**PROVIDED INFORMATION**:

-=-=-

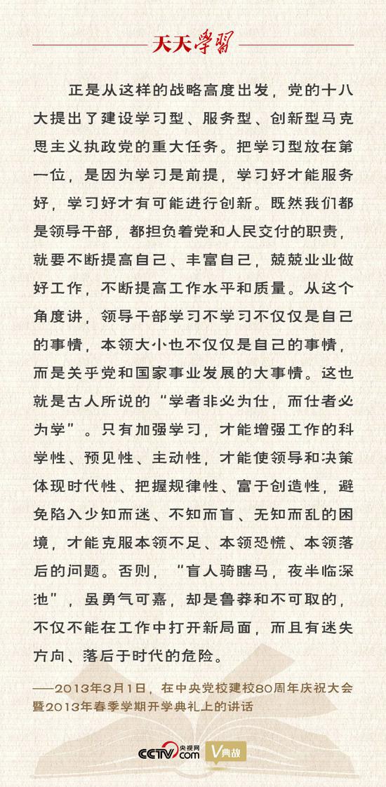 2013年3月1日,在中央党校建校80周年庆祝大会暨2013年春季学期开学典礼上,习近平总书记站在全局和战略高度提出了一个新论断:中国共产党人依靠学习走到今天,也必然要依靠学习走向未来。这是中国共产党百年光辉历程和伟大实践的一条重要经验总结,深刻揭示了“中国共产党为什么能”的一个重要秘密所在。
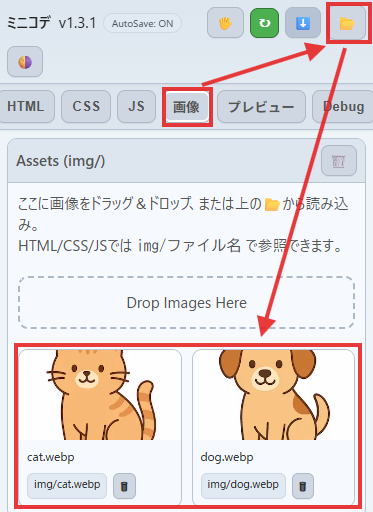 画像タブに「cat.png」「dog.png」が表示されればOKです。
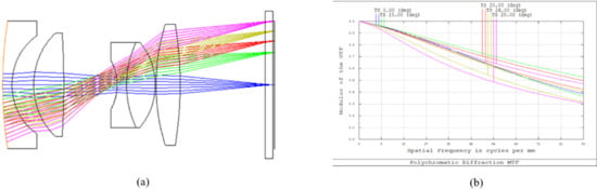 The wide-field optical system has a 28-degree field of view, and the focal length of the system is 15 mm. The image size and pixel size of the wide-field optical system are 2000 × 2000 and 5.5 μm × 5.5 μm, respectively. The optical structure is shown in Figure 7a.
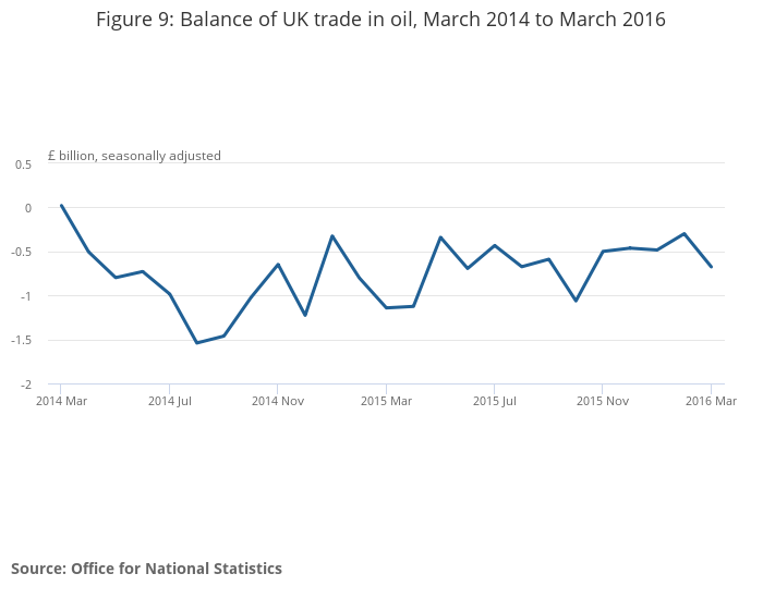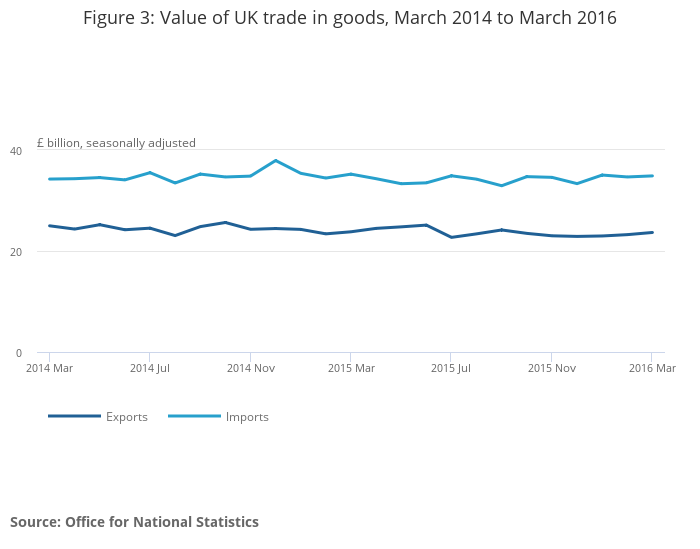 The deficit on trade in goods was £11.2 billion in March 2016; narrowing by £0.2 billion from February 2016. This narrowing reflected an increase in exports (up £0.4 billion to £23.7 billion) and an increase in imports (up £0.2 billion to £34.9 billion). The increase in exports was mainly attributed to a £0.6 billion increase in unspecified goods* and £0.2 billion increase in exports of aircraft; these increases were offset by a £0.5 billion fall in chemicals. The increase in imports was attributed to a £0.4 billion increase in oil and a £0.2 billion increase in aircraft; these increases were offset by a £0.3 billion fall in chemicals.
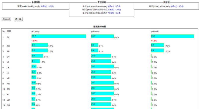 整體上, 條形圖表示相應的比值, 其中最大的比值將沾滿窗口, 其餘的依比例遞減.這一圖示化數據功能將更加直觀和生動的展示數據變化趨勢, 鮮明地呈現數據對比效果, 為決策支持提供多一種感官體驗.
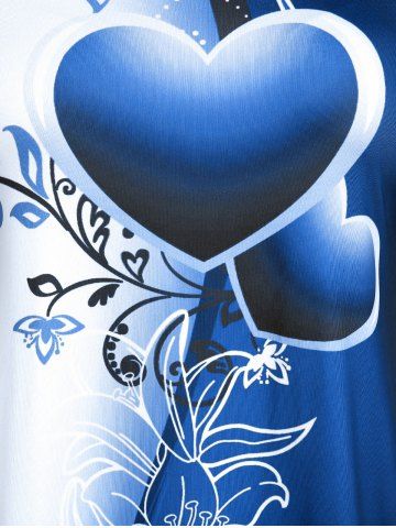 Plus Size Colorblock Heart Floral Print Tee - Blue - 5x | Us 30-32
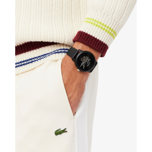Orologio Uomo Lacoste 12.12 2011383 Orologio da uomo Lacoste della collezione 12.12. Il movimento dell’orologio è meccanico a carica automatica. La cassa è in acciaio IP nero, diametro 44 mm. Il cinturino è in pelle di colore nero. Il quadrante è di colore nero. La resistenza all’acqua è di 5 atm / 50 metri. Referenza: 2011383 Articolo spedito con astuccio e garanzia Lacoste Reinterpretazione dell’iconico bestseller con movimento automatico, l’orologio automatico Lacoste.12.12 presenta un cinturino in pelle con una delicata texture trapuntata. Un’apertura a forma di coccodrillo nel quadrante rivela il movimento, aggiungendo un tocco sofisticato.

-=-=-

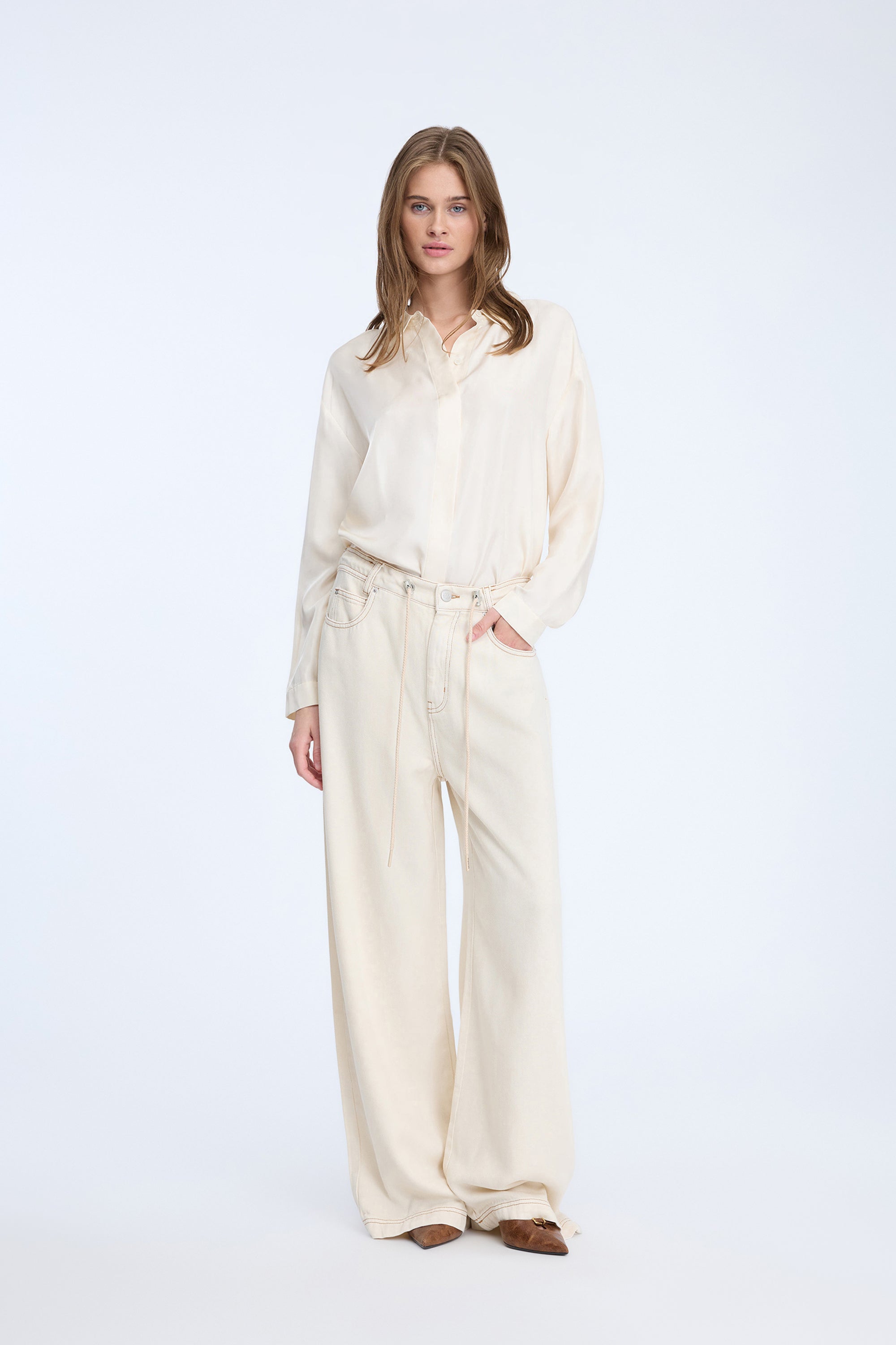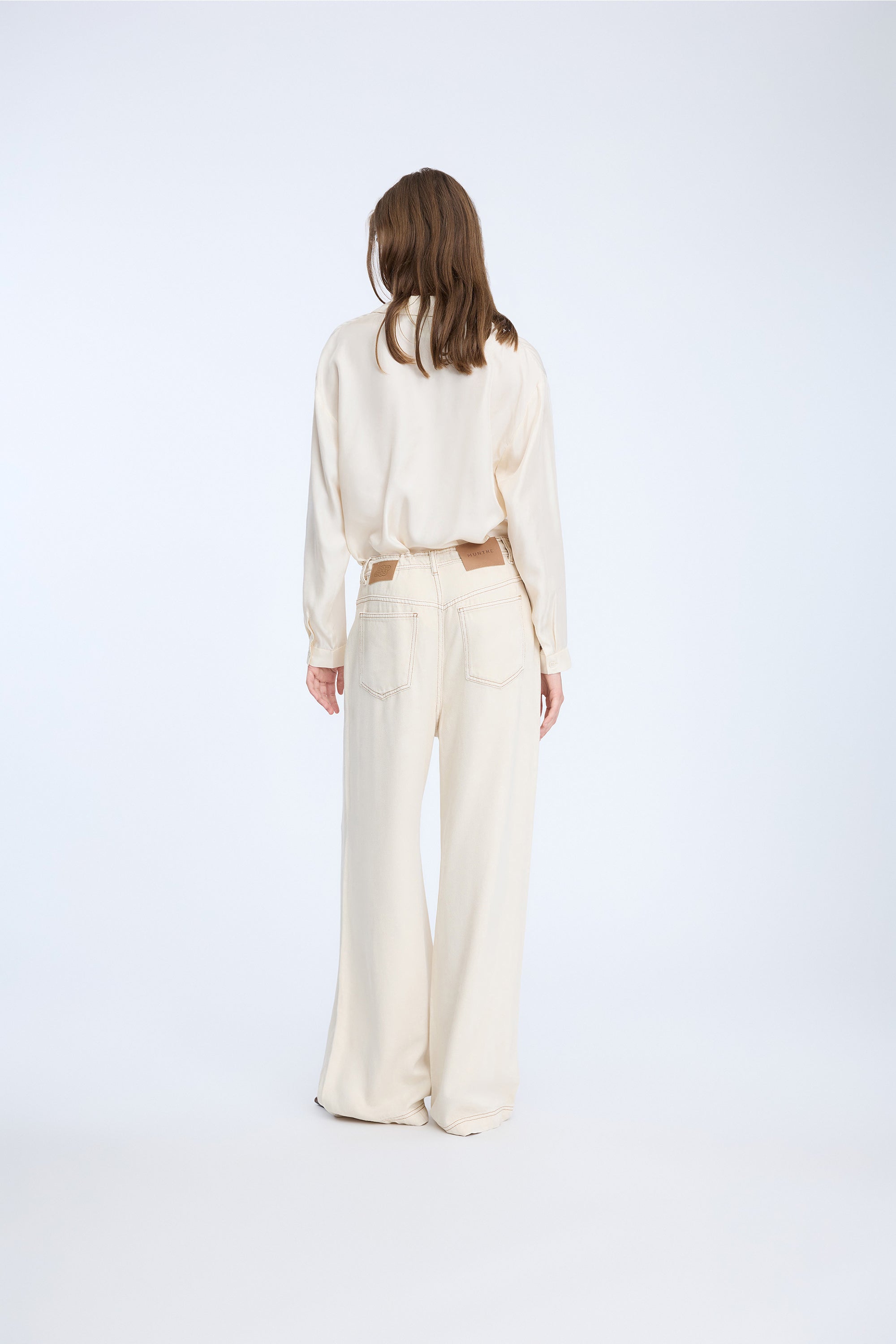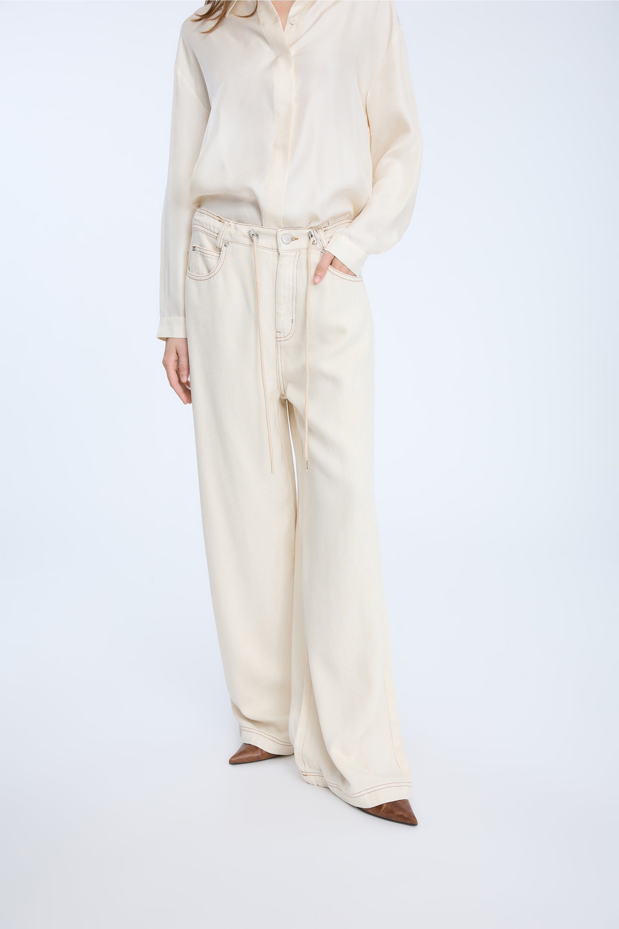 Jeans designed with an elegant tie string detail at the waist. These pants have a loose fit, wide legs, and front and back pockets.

-=-=-

**EXERCISE GOAL**:
If a picture sits between the line containing "画像タブに「cat.png」「dog.png」が表示されればOKです。" and the line containing "The wide-field optical system has", leave it out, and return the lines of that range above exactly, both ends included.

**ANSWER SPACE**:
 画像タブに「cat.png」「dog.png」が表示されればOKです。
 The wide-field optical system has a 28-degree field of view, and the focal length of the system is 15 mm. The image size and pixel size of the wide-field optical system are 2000 × 2000 and 5.5 μm × 5.5 μm, respectively. The optical structure is shown in Figure 7a.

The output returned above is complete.